=== Required work ===
Look through the data below for the line with "2021.03.01不実の梅" and the line with "3. Install the", then transcribe exactly from the first through the second, leaving out all pictures.

=== Provided data ===
○ ○ ○ ○

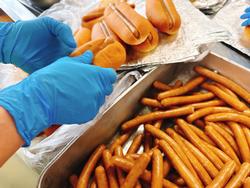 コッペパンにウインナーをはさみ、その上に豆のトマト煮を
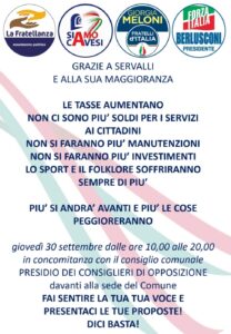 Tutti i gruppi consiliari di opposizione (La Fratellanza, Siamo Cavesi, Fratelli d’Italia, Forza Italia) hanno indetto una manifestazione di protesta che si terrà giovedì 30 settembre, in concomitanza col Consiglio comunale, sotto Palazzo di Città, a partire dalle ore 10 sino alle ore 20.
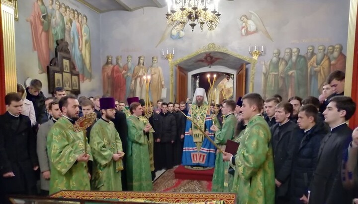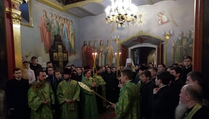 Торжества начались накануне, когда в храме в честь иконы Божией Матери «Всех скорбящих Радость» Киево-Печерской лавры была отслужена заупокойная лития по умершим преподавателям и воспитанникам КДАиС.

○ ○ ○ ○

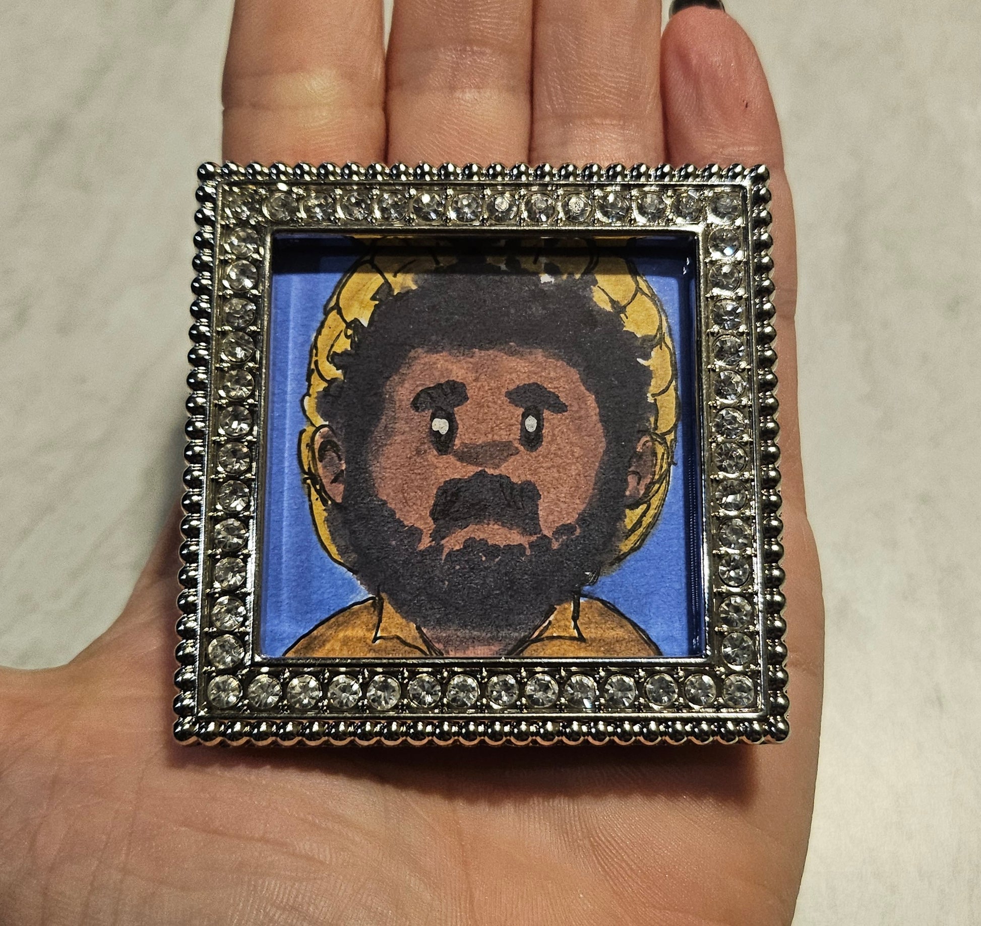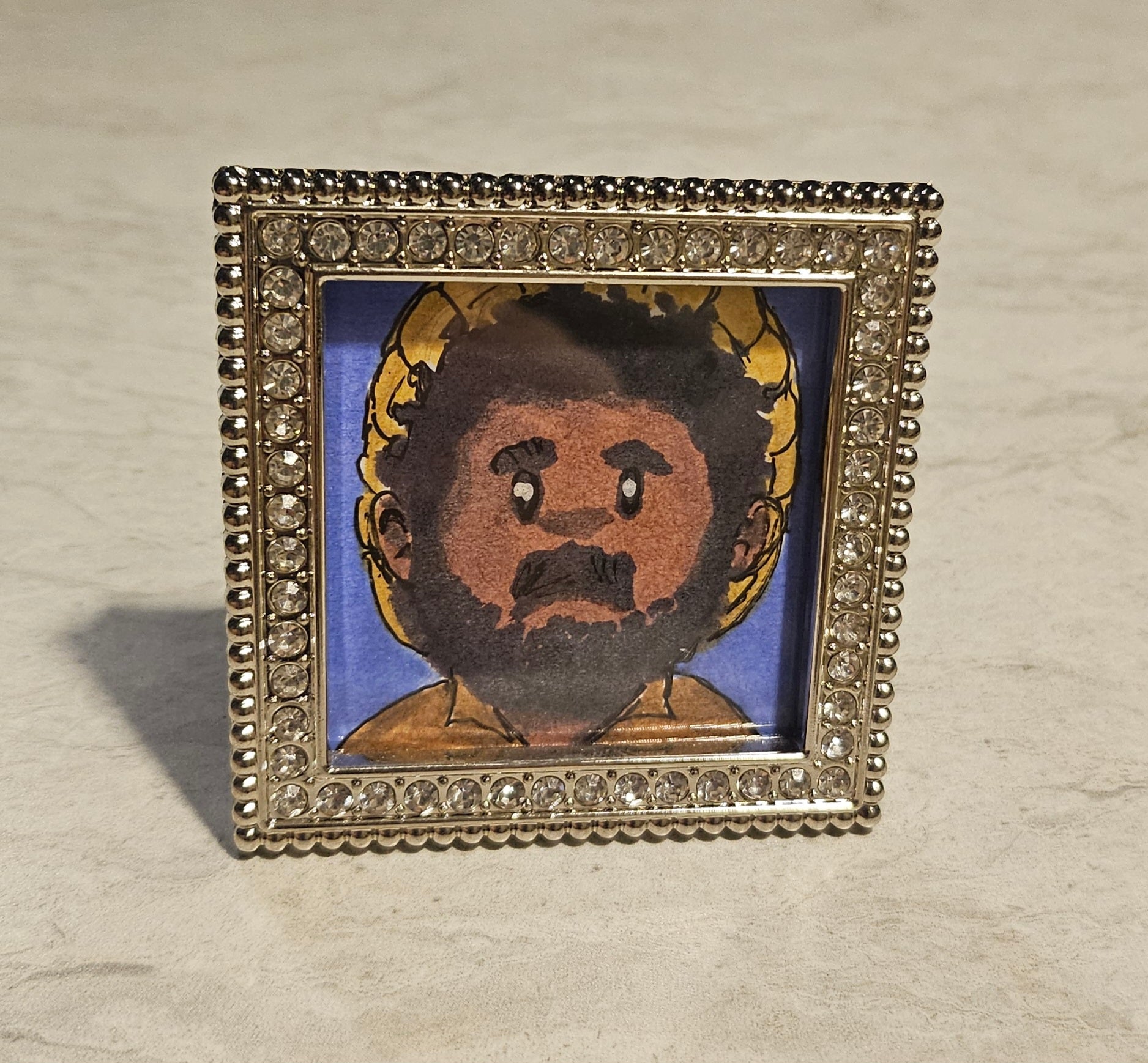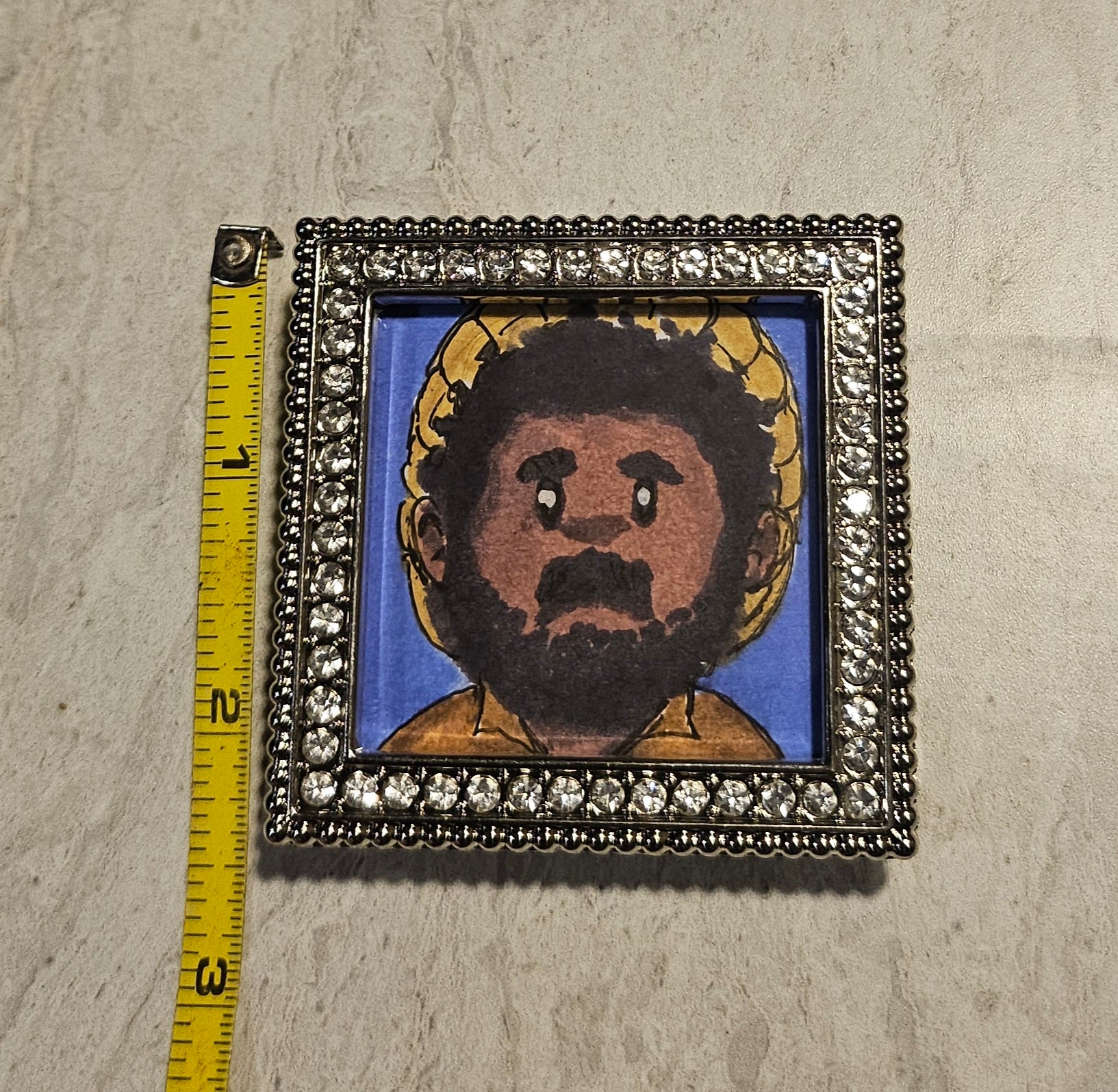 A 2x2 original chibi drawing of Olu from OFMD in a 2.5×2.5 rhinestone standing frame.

○ ○ ○ ○

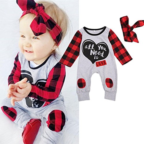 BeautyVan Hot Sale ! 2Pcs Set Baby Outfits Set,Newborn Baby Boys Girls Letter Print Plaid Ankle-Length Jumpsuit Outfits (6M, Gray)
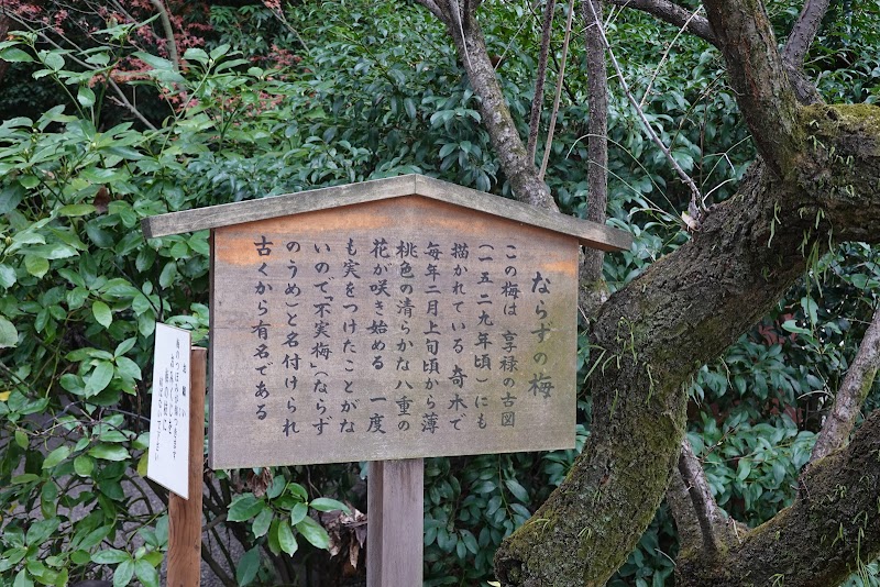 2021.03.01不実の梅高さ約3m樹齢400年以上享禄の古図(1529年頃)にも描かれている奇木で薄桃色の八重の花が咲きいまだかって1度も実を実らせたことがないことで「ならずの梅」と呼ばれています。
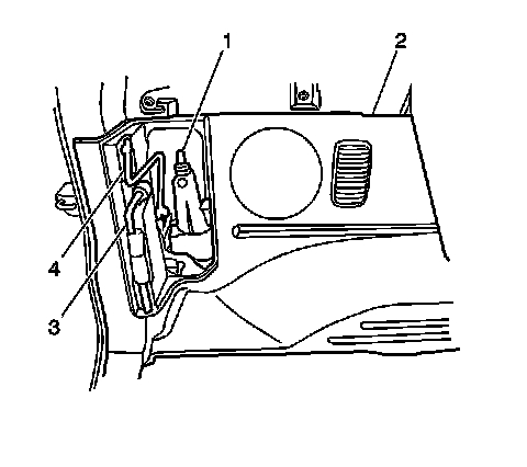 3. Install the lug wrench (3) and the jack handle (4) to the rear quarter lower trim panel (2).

○ ○ ○ ○

=== Response area ===
 2021.03.01不実の梅高さ約3m樹齢400年以上享禄の古図(1529年頃)にも描かれている奇木で薄桃色の八重の花が咲きいまだかって1度も実を実らせたことがないことで「ならずの梅」と呼ばれています。
 3. Install the lug wrench (3) and the jack handle (4) to the rear quarter lower trim panel (2).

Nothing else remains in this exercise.